All of the data that follows is to be written out exactly, with images excluded.

==========

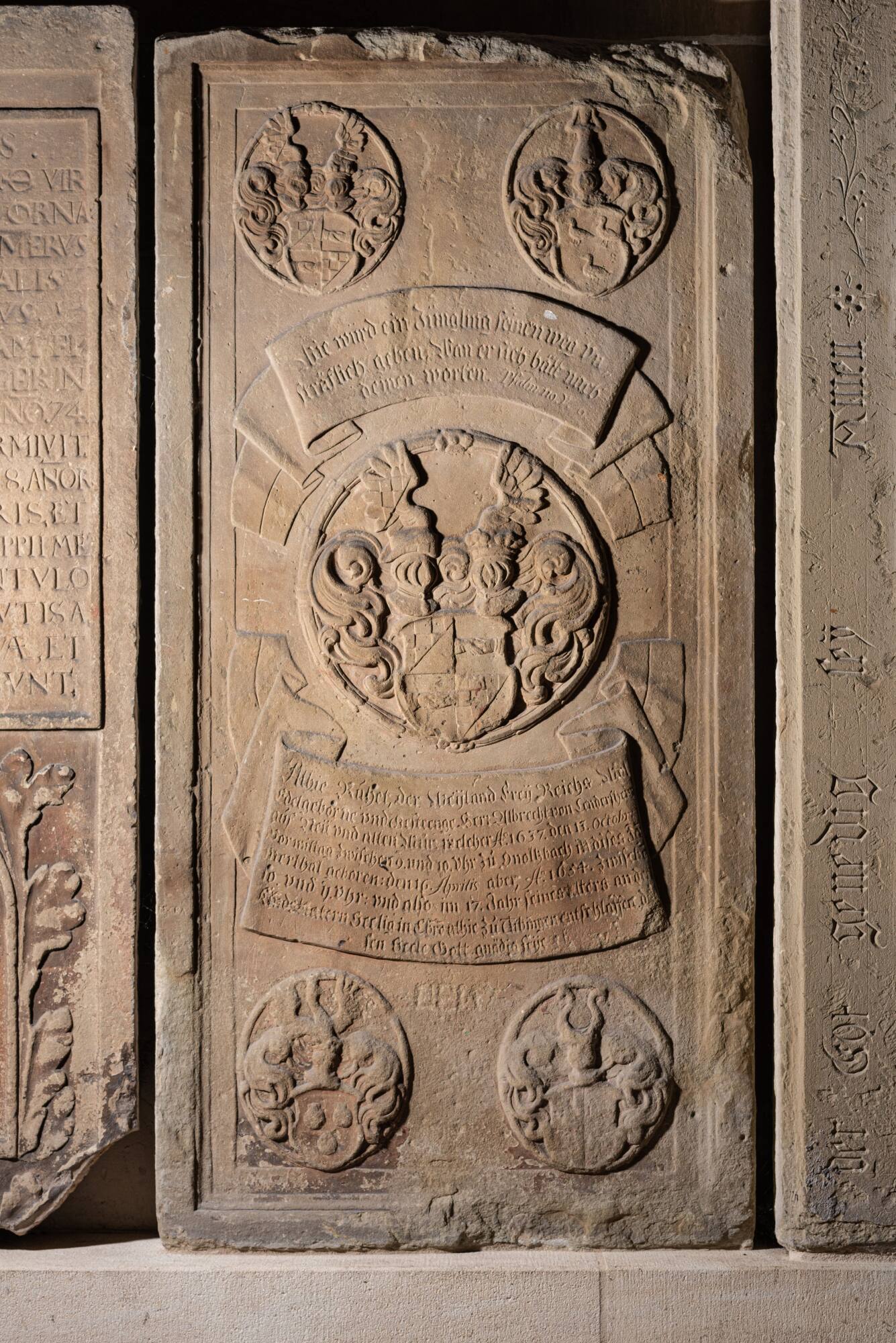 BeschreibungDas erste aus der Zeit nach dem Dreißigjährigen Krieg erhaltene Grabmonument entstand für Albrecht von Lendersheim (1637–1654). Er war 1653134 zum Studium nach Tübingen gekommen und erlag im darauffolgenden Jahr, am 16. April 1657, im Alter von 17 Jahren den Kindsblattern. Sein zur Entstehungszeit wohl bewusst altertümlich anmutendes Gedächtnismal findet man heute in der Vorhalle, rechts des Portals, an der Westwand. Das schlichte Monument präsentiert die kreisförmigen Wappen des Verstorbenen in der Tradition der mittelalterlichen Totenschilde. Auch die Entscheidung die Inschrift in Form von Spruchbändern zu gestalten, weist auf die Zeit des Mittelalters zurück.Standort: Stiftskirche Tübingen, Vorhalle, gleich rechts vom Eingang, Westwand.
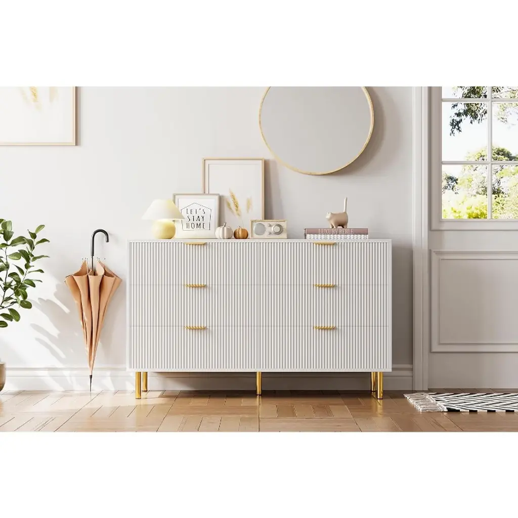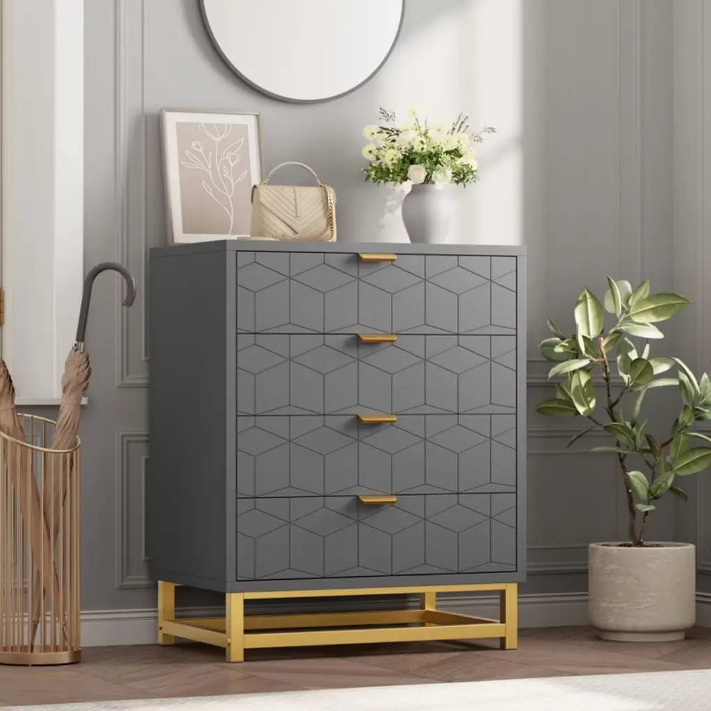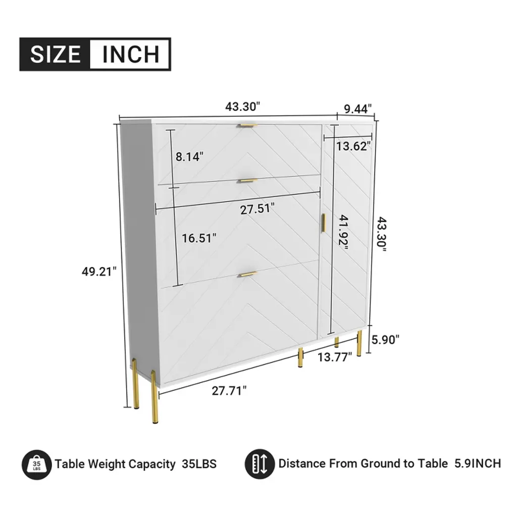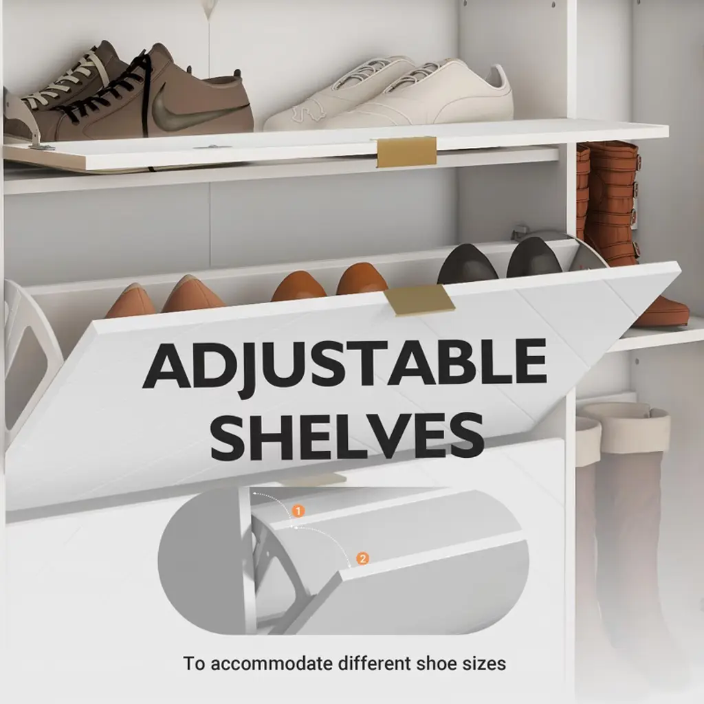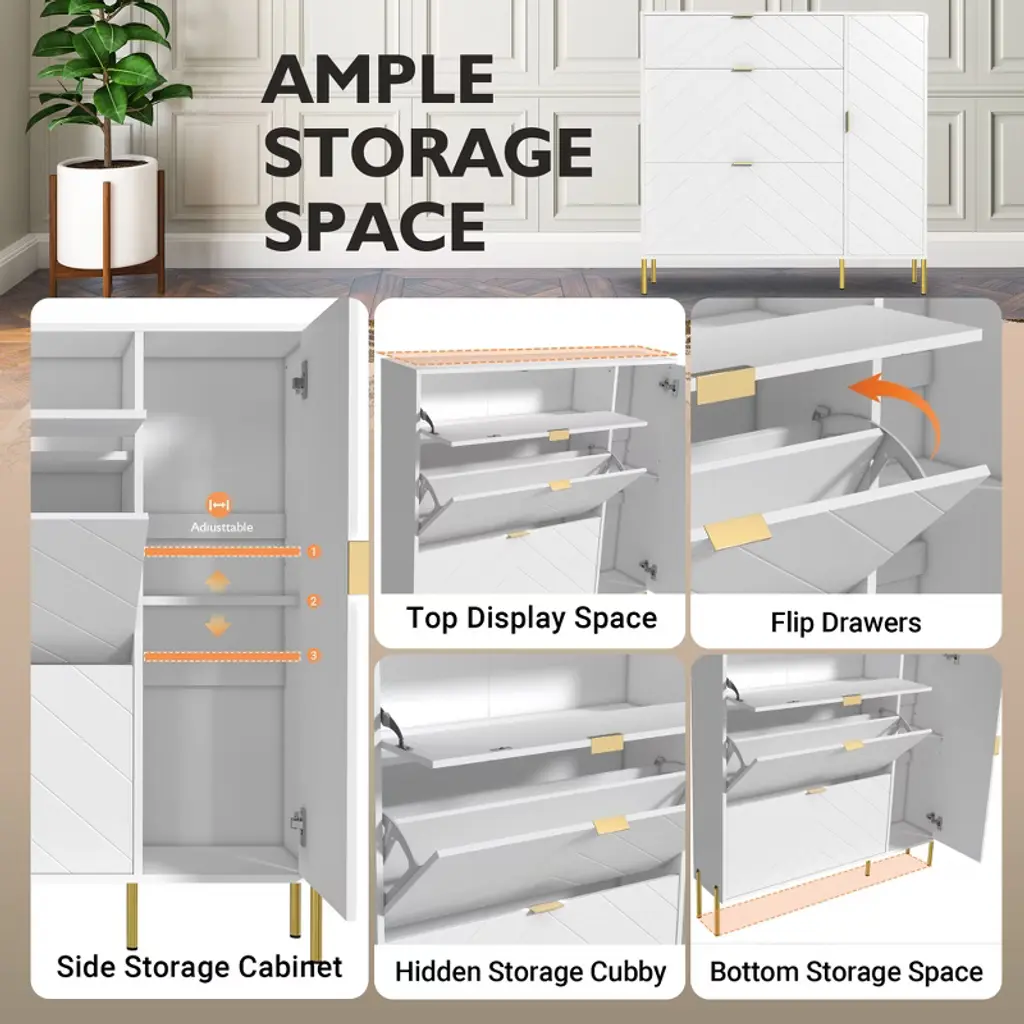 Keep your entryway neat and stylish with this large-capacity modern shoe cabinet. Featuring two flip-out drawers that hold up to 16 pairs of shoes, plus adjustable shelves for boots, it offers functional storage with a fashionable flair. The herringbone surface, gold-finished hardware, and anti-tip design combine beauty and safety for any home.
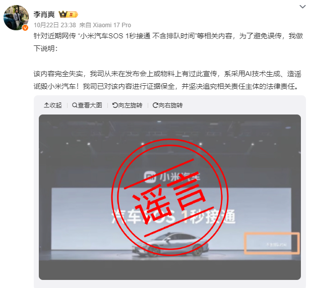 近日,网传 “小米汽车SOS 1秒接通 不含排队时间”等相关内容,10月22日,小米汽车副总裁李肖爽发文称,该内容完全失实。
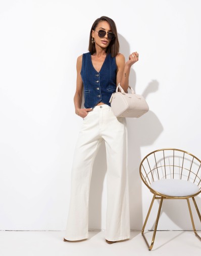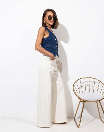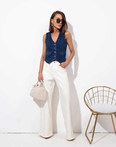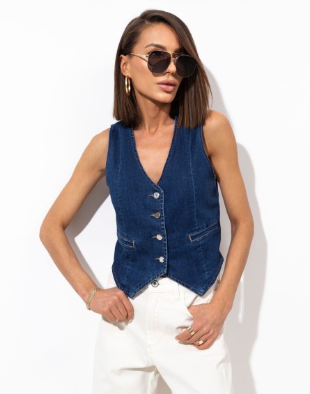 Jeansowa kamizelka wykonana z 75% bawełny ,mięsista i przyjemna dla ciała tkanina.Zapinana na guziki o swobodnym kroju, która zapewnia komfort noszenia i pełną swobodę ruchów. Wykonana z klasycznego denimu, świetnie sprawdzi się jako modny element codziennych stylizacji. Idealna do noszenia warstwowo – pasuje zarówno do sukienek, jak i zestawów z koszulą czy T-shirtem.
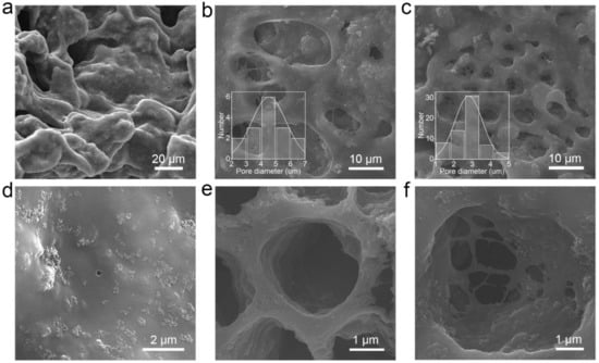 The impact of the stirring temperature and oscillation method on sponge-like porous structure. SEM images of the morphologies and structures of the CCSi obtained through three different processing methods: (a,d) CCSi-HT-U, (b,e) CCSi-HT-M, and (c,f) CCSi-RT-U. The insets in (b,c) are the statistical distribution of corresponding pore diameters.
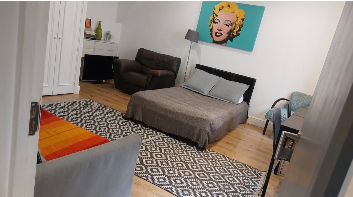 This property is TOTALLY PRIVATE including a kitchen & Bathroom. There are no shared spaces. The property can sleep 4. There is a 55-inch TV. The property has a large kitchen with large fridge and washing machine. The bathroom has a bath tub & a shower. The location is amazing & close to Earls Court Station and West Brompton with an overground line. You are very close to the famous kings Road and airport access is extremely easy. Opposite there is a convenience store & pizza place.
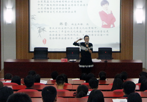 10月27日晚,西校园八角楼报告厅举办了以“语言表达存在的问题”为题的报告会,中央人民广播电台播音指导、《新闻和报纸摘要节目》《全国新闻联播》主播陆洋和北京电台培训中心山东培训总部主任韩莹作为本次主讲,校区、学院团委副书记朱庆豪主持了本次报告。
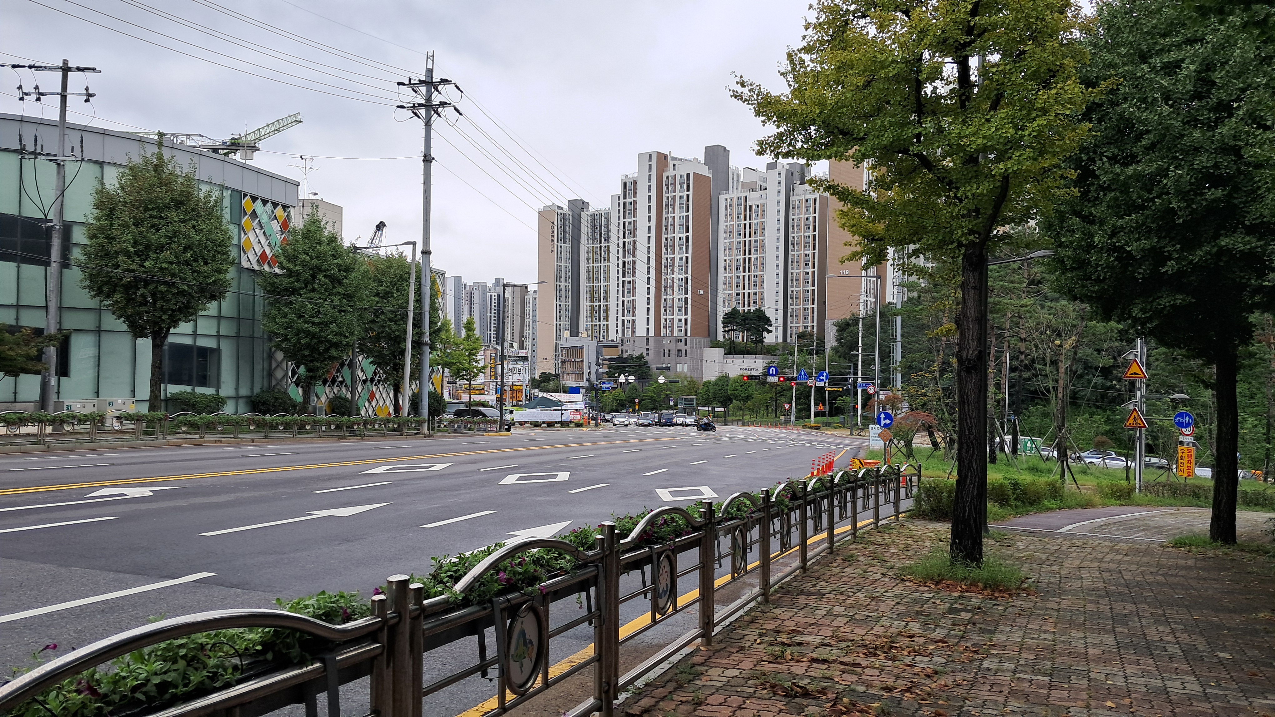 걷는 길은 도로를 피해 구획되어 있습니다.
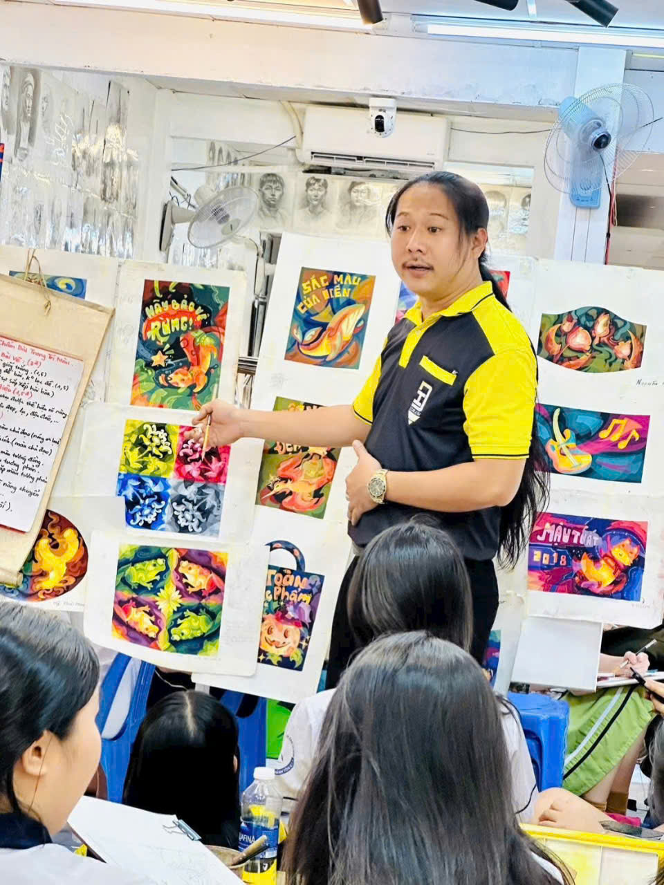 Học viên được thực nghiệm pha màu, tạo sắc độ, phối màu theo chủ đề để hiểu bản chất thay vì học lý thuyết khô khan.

==========

Written reply
 BeschreibungDas erste aus der Zeit nach dem Dreißigjährigen Krieg erhaltene Grabmonument entstand für Albrecht von Lendersheim (1637–1654). Er war 1653134 zum Studium nach Tübingen gekommen und erlag im darauffolgenden Jahr, am 16. April 1657, im Alter von 17 Jahren den Kindsblattern. Sein zur Entstehungszeit wohl bewusst altertümlich anmutendes Gedächtnismal findet man heute in der Vorhalle, rechts des Portals, an der Westwand. Das schlichte Monument präsentiert die kreisförmigen Wappen des Verstorbenen in der Tradition der mittelalterlichen Totenschilde. Auch die Entscheidung die Inschrift in Form von Spruchbändern zu gestalten, weist auf die Zeit des Mittelalters zurück.Standort: Stiftskirche Tübingen, Vorhalle, gleich rechts vom Eingang, Westwand.
 Keep your entryway neat and stylish with this large-capacity modern shoe cabinet. Featuring two flip-out drawers that hold up to 16 pairs of shoes, plus adjustable shelves for boots, it offers functional storage with a fashionable flair. The herringbone surface, gold-finished hardware, and anti-tip design combine beauty and safety for any home.
 近日,网传 “小米汽车SOS 1秒接通 不含排队时间”等相关内容,10月22日,小米汽车副总裁李肖爽发文称,该内容完全失实。
 Jeansowa kamizelka wykonana z 75% bawełny ,mięsista i przyjemna dla ciała tkanina.Zapinana na guziki o swobodnym kroju, która zapewnia komfort noszenia i pełną swobodę ruchów. Wykonana z klasycznego denimu, świetnie sprawdzi się jako modny element codziennych stylizacji. Idealna do noszenia warstwowo – pasuje zarówno do sukienek, jak i zestawów z koszulą czy T-shirtem.
 The impact of the stirring temperature and oscillation method on sponge-like porous structure. SEM images of the morphologies and structures of the CCSi obtained through three different processing methods: (a,d) CCSi-HT-U, (b,e) CCSi-HT-M, and (c,f) CCSi-RT-U. The insets in (b,c) are the statistical distribution of corresponding pore diameters.
 This property is TOTALLY PRIVATE including a kitchen & Bathroom. There are no shared spaces. The property can sleep 4. There is a 55-inch TV. The property has a large kitchen with large fridge and washing machine. The bathroom has a bath tub & a shower. The location is amazing & close to Earls Court Station and West Brompton with an overground line. You are very close to the famous kings Road and airport access is extremely easy. Opposite there is a convenience store & pizza place.
 10月27日晚,西校园八角楼报告厅举办了以“语言表达存在的问题”为题的报告会,中央人民广播电台播音指导、《新闻和报纸摘要节目》《全国新闻联播》主播陆洋和北京电台培训中心山东培训总部主任韩莹作为本次主讲,校区、学院团委副书记朱庆豪主持了本次报告。
 걷는 길은 도로를 피해 구획되어 있습니다.
 Học viên được thực nghiệm pha màu, tạo sắc độ, phối màu theo chủ đề để hiểu bản chất thay vì học lý thuyết khô khan.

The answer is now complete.